Tanzanian pulses get an investment boost/
One acre, 10,000 farmers, and a bold bet on chickpeas


Zirack Andrew

Contributor

At a glance


  • Targeted investment is starting to reposition pulses from secondary crops to income drivers in Tanzania.
  • Low yields in Kwimba reflect input and practice gaps rather than land or demand constraints.
  • Coordinated support across seeds, mechanization, and agronomy could unlock rapid production gains.

The programme targets more than 10,000 farmers across 15 wards in Kwimba District.

Access to capital is often the first step in launching any business venture. Even small traders frequently receive financial support from friends, relatives, or other well-wishers to help them get started. Capital is widely recognized as essential for any business to grow and thrive.

However, this has rarely been the case for farmers in Tanzania and across much of Africa.
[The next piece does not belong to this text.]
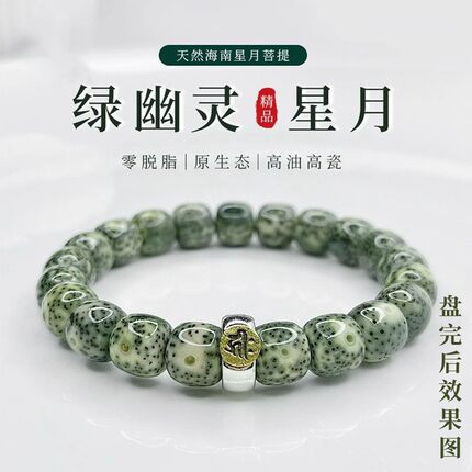 十二生肖海南星月菩提手串男女绿阴皮石玉料盘玩文玩本命佛珠手链

Pulses farmers, in particular, face even greater challenges in accessing capital and investment. One reason is the long-standing perception that pulses are merely “bonus crops” – grown alongside staple crops such as maize, rice, or cotton mainly to improve soil fertility. Another prevailing belief is that pulses are inferior crops consumed primarily by poorer households.

These perceptions have led to limited investment in pulses farming. In many African countries, agricultural programs often give little priority to dried legumes despite their significant economic potential.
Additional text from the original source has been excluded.